Outpost Zero #8
Image Comics
Writer: Sean Kelly McKeever
Artist: Jean-Francois Beaulieu & Alexandre Tefenkgi
Humanity is stranded on a planet covered in ice. Huge mega-storms sweep across the land, covering the outpost dome in a hundred feet of ice. To remove it a team leaves the dome through an airlock and drills a hole to the surface, then harness a laser, technology of yesteryear, to try and cut away sections of the ice that covers this egg of humanity. . .
. . . and that’s when it all goes wrong. The wrong calibration on the laser makes it shoot too strong. It blasts into the ice far too high up on the dome. The team is showered with boulders of ice. Kaanan, one of the most brilliant minds of the outpost, is killed.
At the back of the crowd at Kaanan’s funeral Alea badgers Sam about the thing they saw on the tablet monitor via the camera they lowered into the bowels of the outpost. Sam is reluctant, but Alea can’t let it go.
Later, Alea gains access to Kaanan’s data. Nobody’s been able to make sense of it, but Alea must see something. She rushes to Sam’s house in the dead night and they scamper off to the ledge where Alea jumped off the very first issue. It has come full circle, but now Alea knows more than she did. All they have to do is jump.

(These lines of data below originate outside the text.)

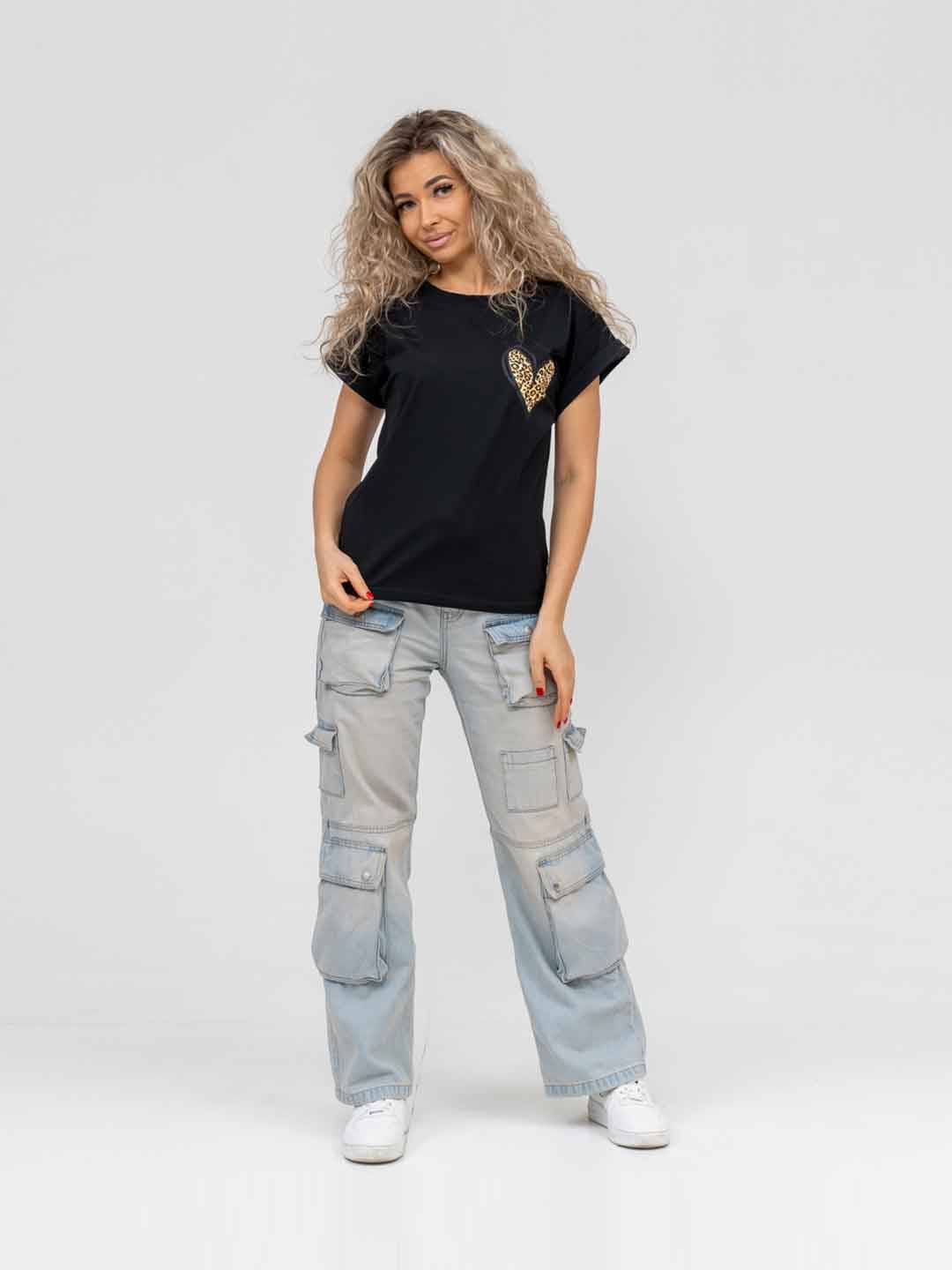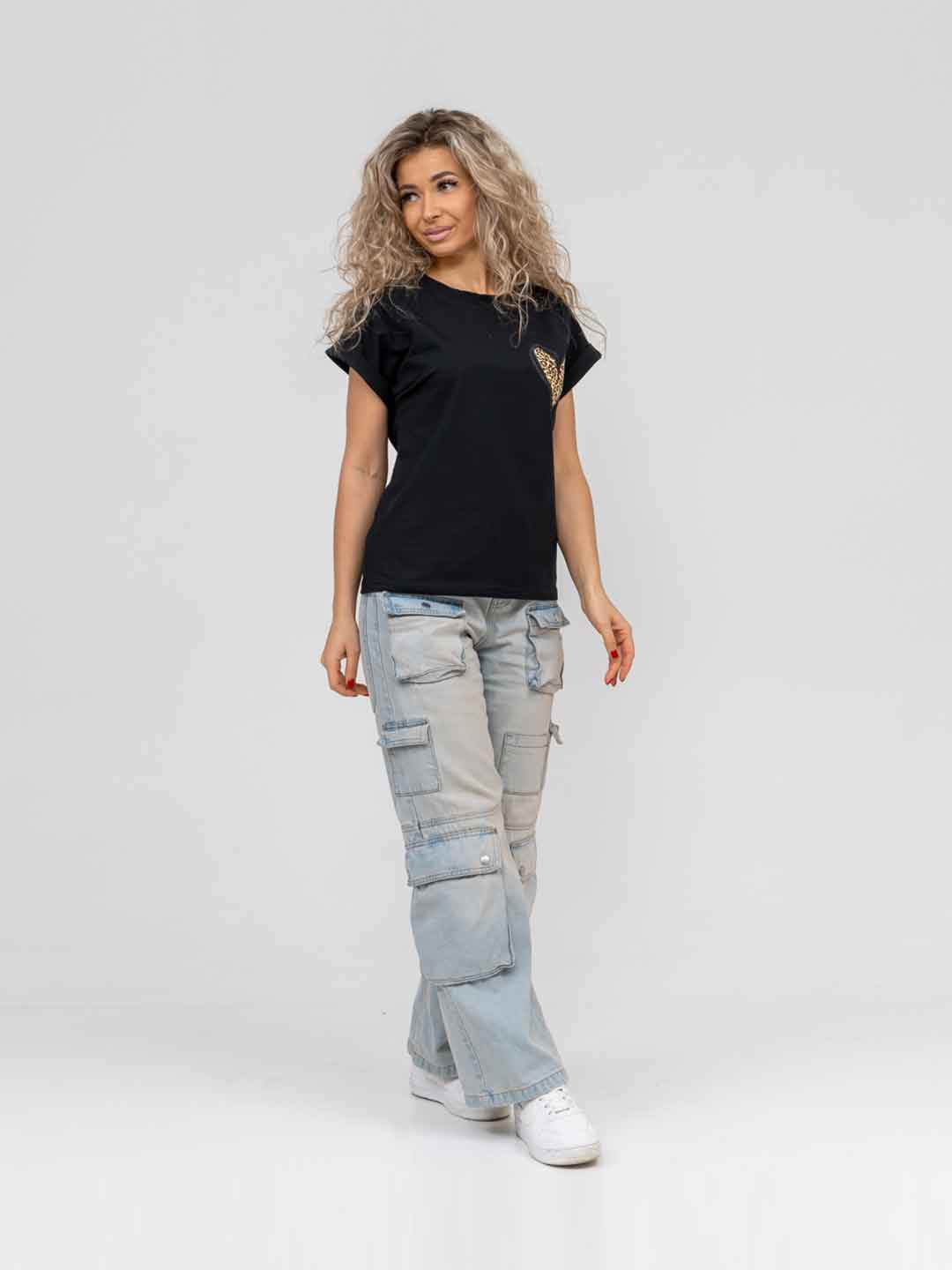 Базовая женская футболка, прямого силуэта, с О-образной горловиной и коротким рукавом. Спереди печать на полочке.
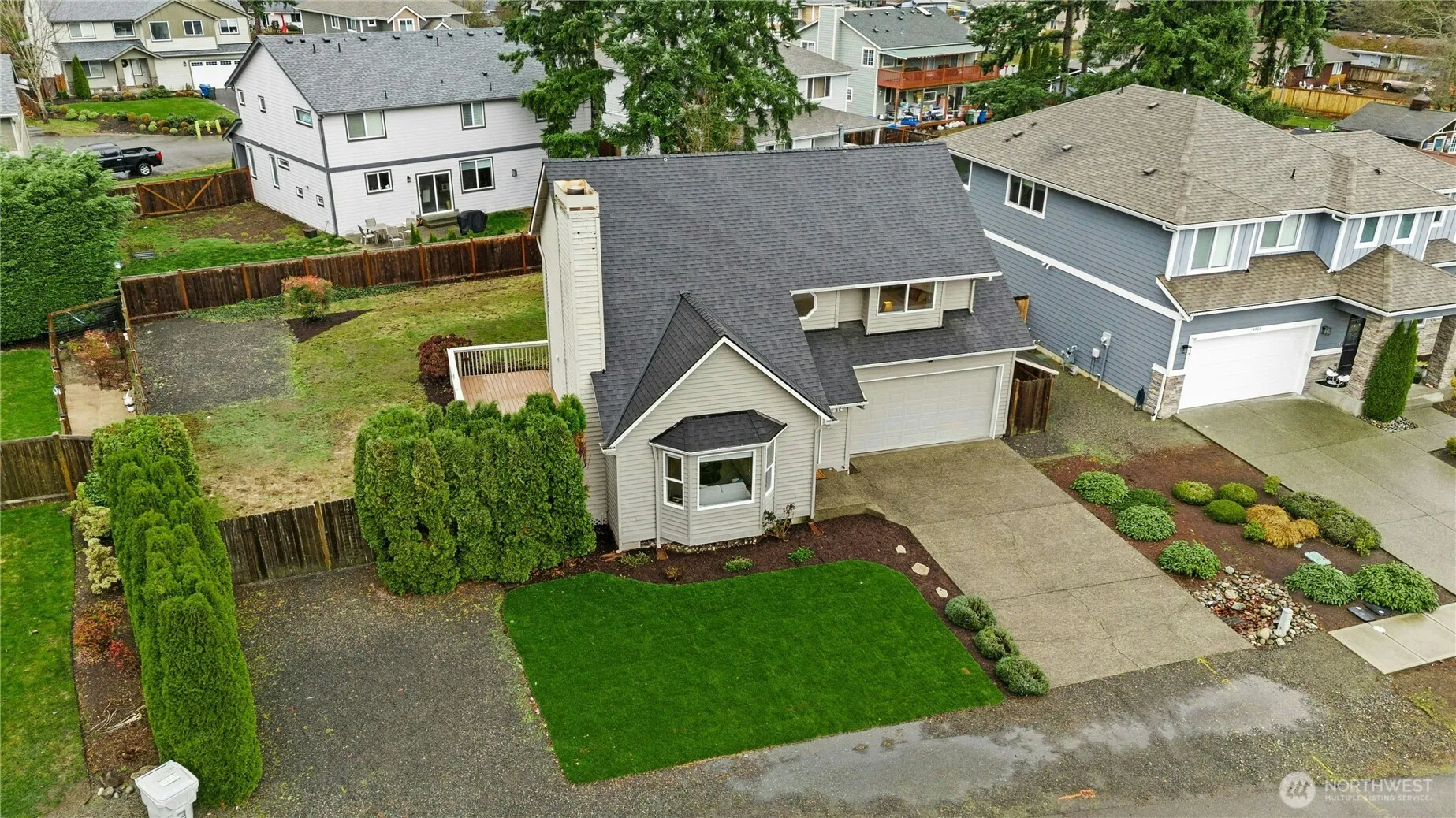 Welcome to this beautiful East Renton home. Invite your guests into an open floorplan with vaulted ceilings, a cozy wood-burning fireplace and a stunning new kitchen with stainless steel appliances. The kitchen flows into the dining and living areas, perfect for daily living or entertaining. The upper level includes a primary suite with a private bath and walk-in closet, plus two additional bedrooms and a full hall bath. Outdoors, enjoy a spacious deck, fully fenced backyard for pets or play, and a covered area for your potting shed, hobbies or projects. RV parking, attached garage, and ample driveway space. Home is pre-Inspected for peace of mind. Convenient access to schools, parks, shopping, trails and freeways. Move-in ready!
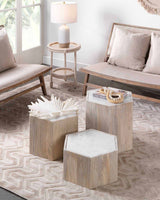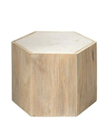 Simple, yet stunning our Argan Hexagon tables use a ribbed washed wood and white marble to create a brilliant side table that is light in feeling but large in size, perfect for any airy living room.
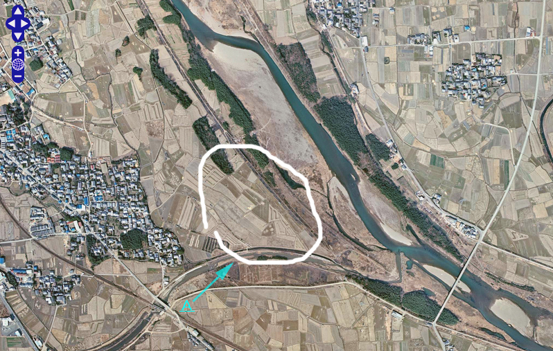 ストリートビューの画像はAのあたりから矢印方向に取得した。白い線で囲んだあたりの田んぼがロケ地であろう。
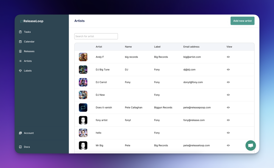 When you add a new release and assign it to an artist, you'll also see the release on their profile page. You can upload a contract here if needed. Pressing the eye icon will take you to the release page.
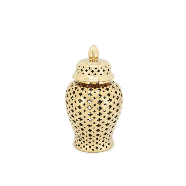 VASO A FORMA DI POTICHE CON STRUTTURA IN CERAMICA INTAGLIATA A MANO COLOR ORO.
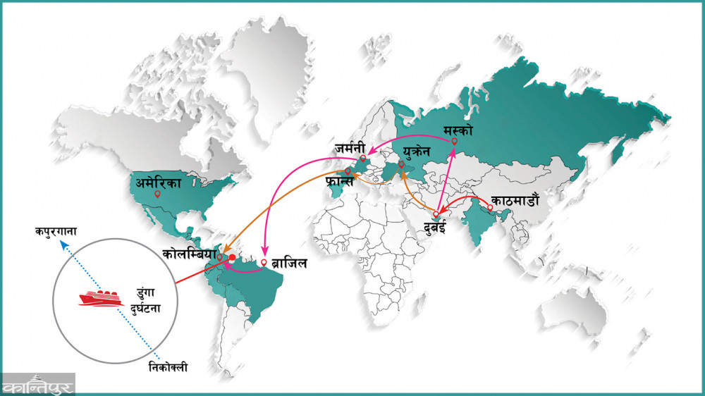 काठमाडौँ — क्यारेबियन सागरमा डुंगा दुर्घटनामा परेर बेपत्ता भइरहेका सात नेपालीको अवस्था अज्ञात रहेका बेला उनीहरूलाई कसले त्यहाँसम्म पठायो भन्ने खोजी सुरु भएको छ । विश्वव्यापी कोरोना संक्रमणको फैलावट र अन्तरदेशीय उडानहरू प्रभावित भइरहेका बेला उनीहरूलाई कसले पुर्यायो त कोलम्बिया ?
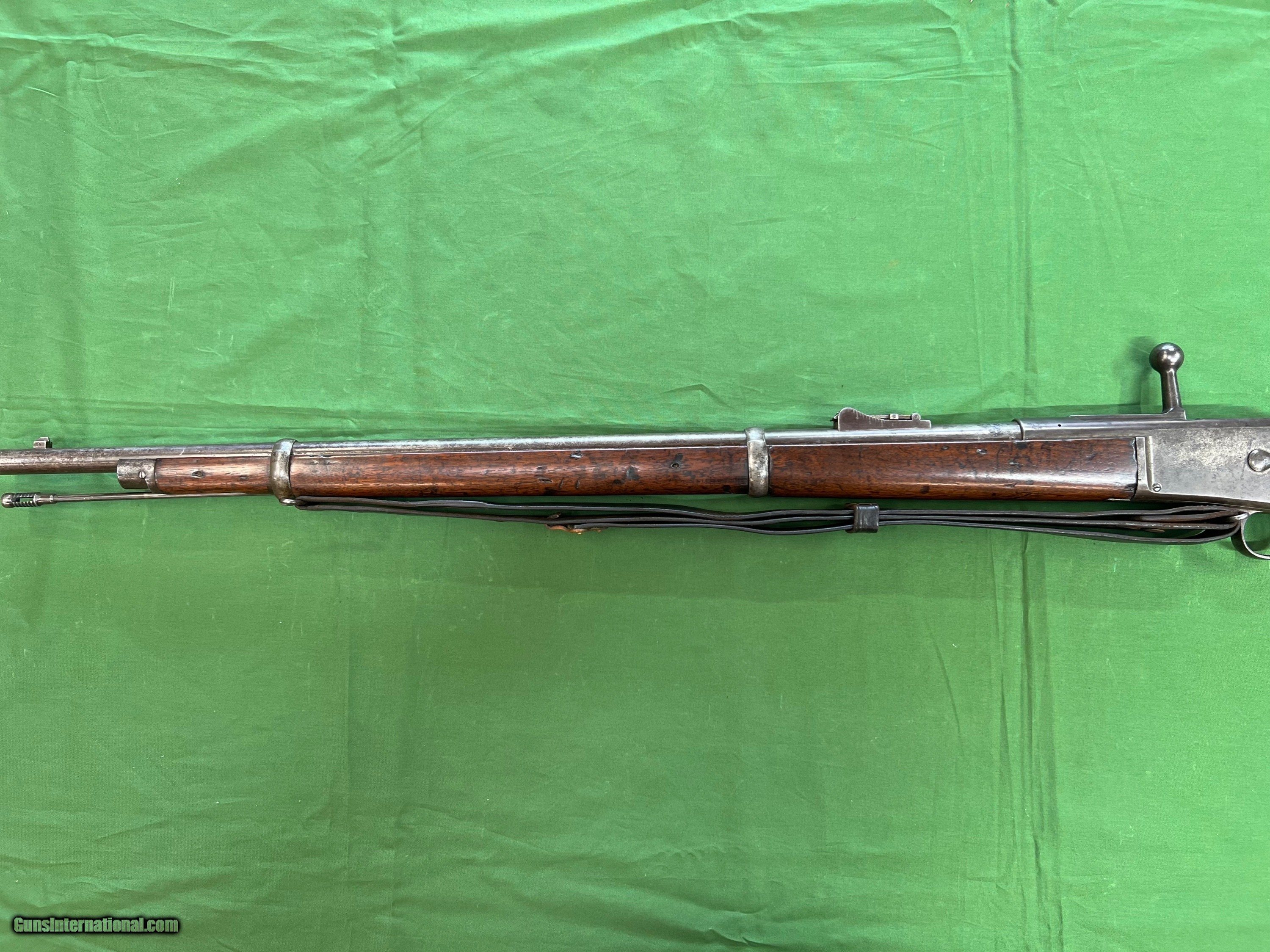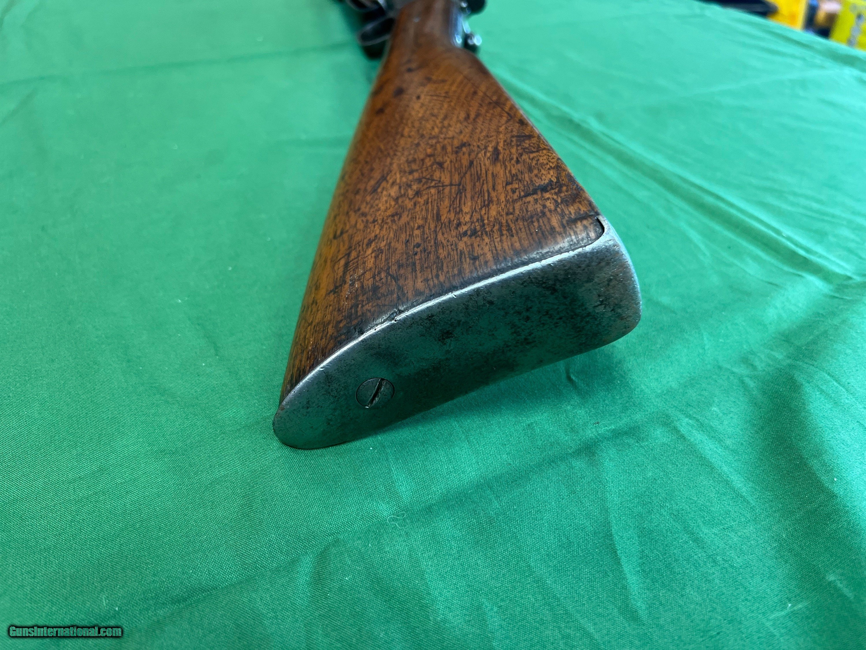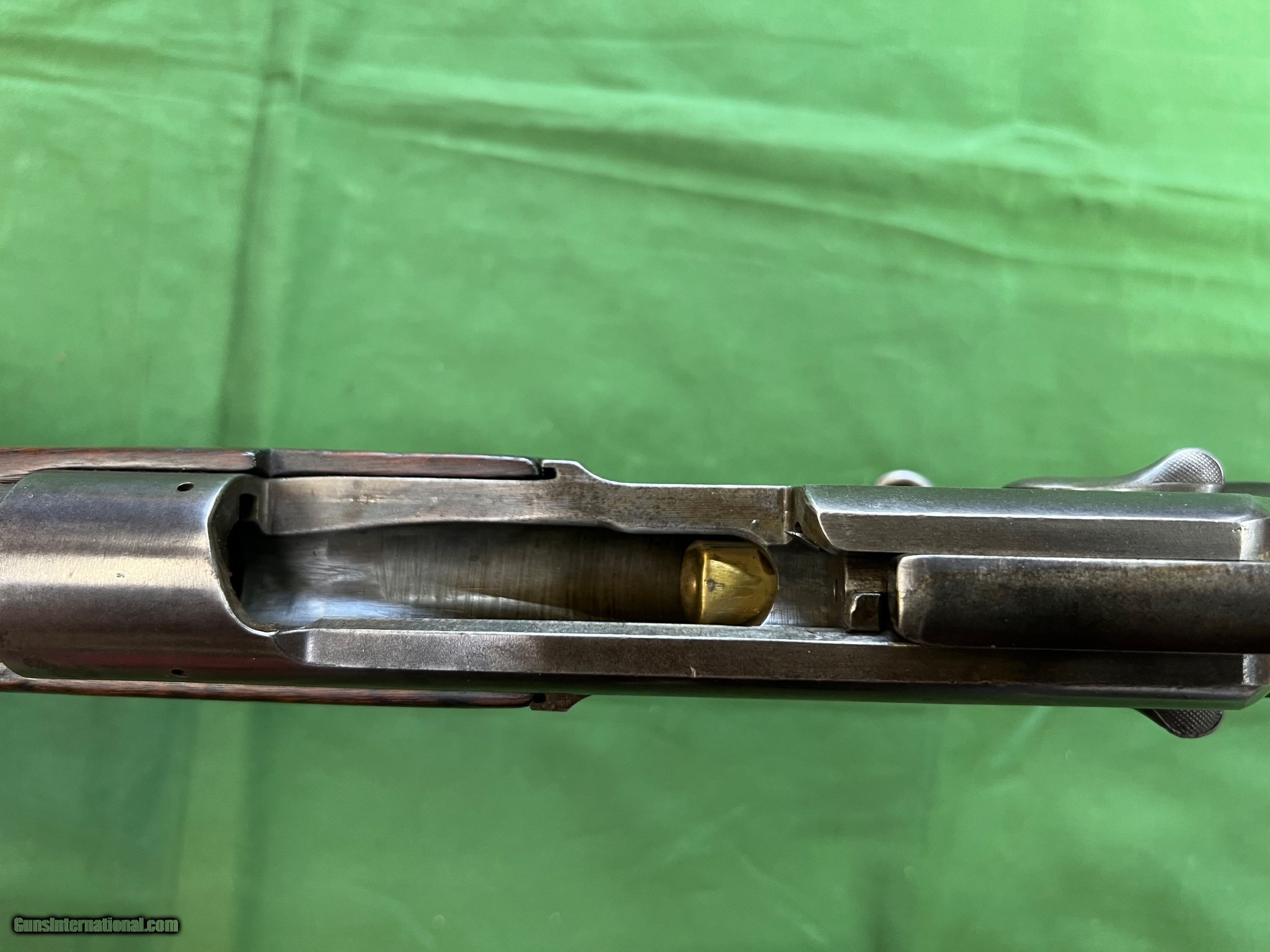 Description: Winchester Hotchkiss antique bolt action rifle in 45–70 GOV. Very nice example of a Hotchkiss Rifle that is in great condition. The rifle boasts a 28 inch barrel with adjustable site and was manufactured in the early 1880's. The bolt action is smooth and the gun is very well preserved. Very nice bore, would be a great gun to add to your collection Antique: Yes Rifle Caliber: .45-70 Government Manufacturer: Winchester Hotchkiss Model: 1883 Barrel Length: 28 Condition: Good++ Metal Condition: Fine Price: $2,950.00 Contact Seller |
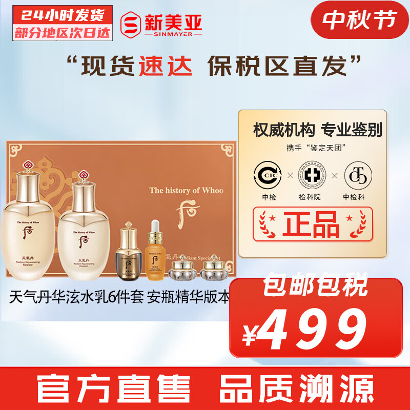 后(The history of Whoo)后套装拱辰享水妍津率享雪玉凝天气丹水乳霜秘贴套盒女护肤品礼盒 天气丹华泫水乳6件套礼盒

This issue is rife with character development. Alea finally finds the determination and self-sufficiency she needs in order to follow her own intuition. When she gets her hands on Kaanan’s data, she’s not asking Sam or Lyss for help or permission. She takes it on herself. Sam, on the other hand, finally puts words to his fears. He and his foster-mother (and the chief of the outpost), Karen, have an honest and open conversation. Like most kids his age, Sam feels estranged from others. By the end of this issue, both these characters are more grown up, but also more complex than they were in previous issues. The only person who didn’t get much screen time was Lyss, but I have a suspicion we’ll catch her up in next month’s issue.
There are a ton of people in this issue. They are characters (like Alea and Sam, obviously) but also setting (like at Kaanan’s funeral). There are a lot of facial angles and close-ups that portray nervousness, sadness, light-bulb moments, and more. While this issue doesn’t focus on sprawling landscapes or gargantuan monsters, it shows a different and, perhaps, more important level of Jean-Francois Beaulieu and Alexandre Tefenkgi’s craft.